Our work has several potential limitations and extensions. First, we only had access to a subset of the RareDis corpus (832 out of 1041 texts), so our results may not fully reflect ChatGPT’s performance across the entire spectrum of rare diseases. Second, the current work focuses on ChatGPT and does not include GPT-4 or other variants (e.g., LLaMA, Alpaca, etc.), so broadening the current set of experiments to include other LLMs is a natural extension. Third, though manually-created prompts are highly intuitive and interpretable, evidence suggests that small changes can lead to variations in performance [30]. A promising alternative is to automate the prompt engineering process. To this end, Gutiérrez et al. [31] employed a semi-automated approach combining manually-created prompts with an automatic procedure to choose the best prompt combination with cross validation. In addition, fully-automated prompt learning approaches, where the prompt is described directly in the embedding space of the underlying language model, are also interesting extensions of the current work [32, 33]. Last, while the current study did not involve clinical data, prompt-learning strategies proposed herein are transferrable to clinical applications that leverage secure instances of ChatGPT. Specifically, these instances are governed by appropriate legal and business agreements ensuring privacy of protected health information. Given the ease of interacting with ChatGPT through textual prompts, our work has the potential to inform clinical applications on rare disease phenotyping in practice.
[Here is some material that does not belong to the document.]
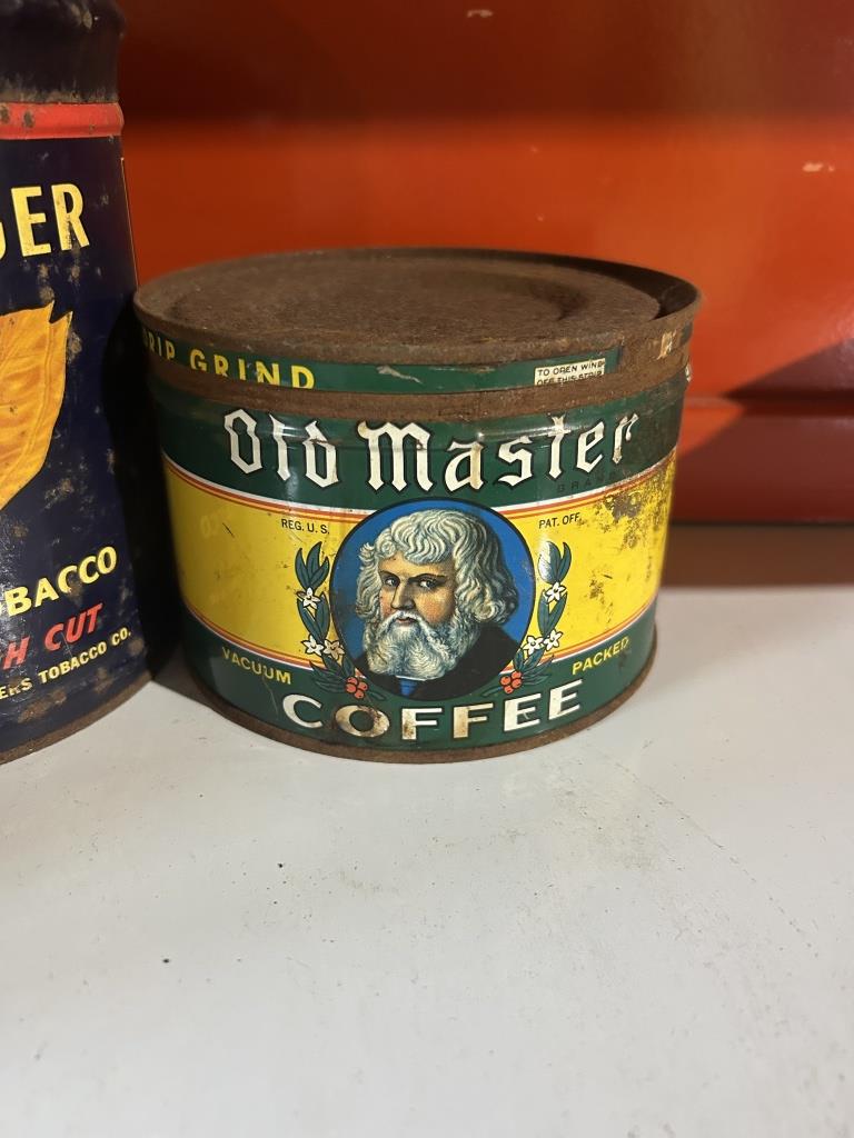 ALSO INCLUDES VINTAGE OLD MASTER COFFEE TIN CANISTER

The advent of LLMs is creating unprecedented opportunities for rare disease phenotyping by automatically identifying and extracting disease-related concepts. While these models provide valuable insight and assistance, researchers and clinicians should critically evaluate model outputs and be well-informed of their limitations when considering them as tools for supporting rare disease diagnosis and treatment.